Do you think IIT Guwahati certified course can help you in your career?
No
Introduction
Redis Time Series is a Redis module that adds a time series data structure to Redis. A time series is a collection of memory bits connected together. Each chunk has a predetermined sample size. Each sample is a 128-bit tuple, with the timestamp and value separated by 64 bits.
Creating a TimeSeries
The TS.Construct command can be used to create a new TimeSeries; for example, run the following: TS to make a timeseries named sense, run the following:
TS.CREATE sense
With the RETENTION option, you can prohibit your timeseries from increasing forever by defining a sample age restriction compared to the last event time. The default retention value is 0, which indicates that the series will not be trimmed.
TS.CREATE sense RETENTION 2678400000
This will create a timeseries called sense and trim it to values of up to one month.
Features
High volume inserts, low latency reads
Query by start time and end-time
Aggregated queries (min, max, avg, sum, range, count, first, last, STD.P, STD.S, Var.P, Var.S, twa) for any time bucket
Configurable maximum retention period
Downsampling/compaction for automatically updated aggregate timeseries
Secondary indexing for time series entries. Each time series has labels (field value pairs) which will allow querying by labels.
Client libraries
RedisTimeSeries contains a number of client libraries that abstract the API in several programming languages and were built by the module authors and community members.
While using the raw Redis commands API is possible and straightforward, it is usually more convenient to use a client library that abstracts it.
Using other tools metrics tools
In the RedisTimeSeries organization, you can find projects that help you integrate RedisTimeSeries with other tools, including
Prometheus - read/write adapter to use RedisTimeSeries as backend db.
Grafana 7.1+ - using the Redis Data Source.
Telegraph
StatsD, Graphite exports using graphite protocol.
Prometheus
Redis TimeSeries Adapter gets Prometheus metrics through remote write and uses the TimeSeries module to write them to Redis.
To build the project:
make build
cd bin
To send metrics to Redis, provide the address in host:port format.

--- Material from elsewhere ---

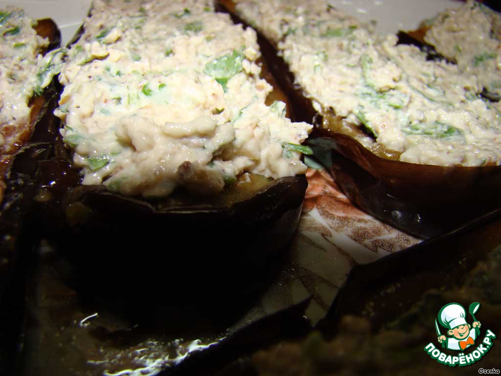 Добавить майонез, всё перемешать до такой консистенции, чтобы можно было легко распределять по баклажанам. Майонез тоже берите по вкусу, можете увеличить или уменьшить его количество.

redis-ts-adapter --redis-address localhost:6379
To receive metrics from Prometheus, Add remote write section to prometheus configuration:
Grafana's Redis Data Source is a plugin that allows users to connect to any Redis database, both on-premises and in the cloud. It includes pre-built dashboards and allows you to create custom dashboards to monitor Redis and application data.
Redis Data Source can be downloaded through the Grafana Marketplace or installed using the grafana-cli command line tool:
Telegraph is a collection, processing, aggregation, and writing agent for metrics. Based on a plugin framework that allows community developers to simply add support for new metric collecting. There are four distinct types of plugins:
Input Plugins gather data from the system, services, and third-party APIs.
Processor Plugins decorate, transform, and filter metrics
A time series is a linked list of memory chunks. Each chunk has a predefined size of samples. Each sample is a 128-bit tuple: 64 bits for the timestamp and 64 bits for the value.
Frequently Asked Questions
Is Redis a timeseries database?
The RedisTimeSeries module makes using Redis for time-series applications like IoT data, market prices, and telemetry much easier. You may consume and query millions of samples and events at the speed of Redis with RedisTimeSeries.
What is the Redis time series?
A time series is a collection of memory bits connected together. Each chunk has a predetermined sample size. Each sample is a 128-bit tuple, consisting of 64 bits for the timestamp and 64 bits for the value.
Is Redis good for real-time?
With streaming technologies, Redis can be used as an in-memory data storage system like Apache Kafka and Amazon Kinesis to ingest, process, and analyze real-time data with sub-millisecond latency. For real-time analytics use cases, including social media analytics, ad targeting, personalization, and IoT, Redis is an excellent solution.
Conclusion
In this article, we have extensively discussed the way of adding Time Series API with Redis stack.
We hope that this blog has helped you enhance your knowledge regarding Time Series API with Redis stack.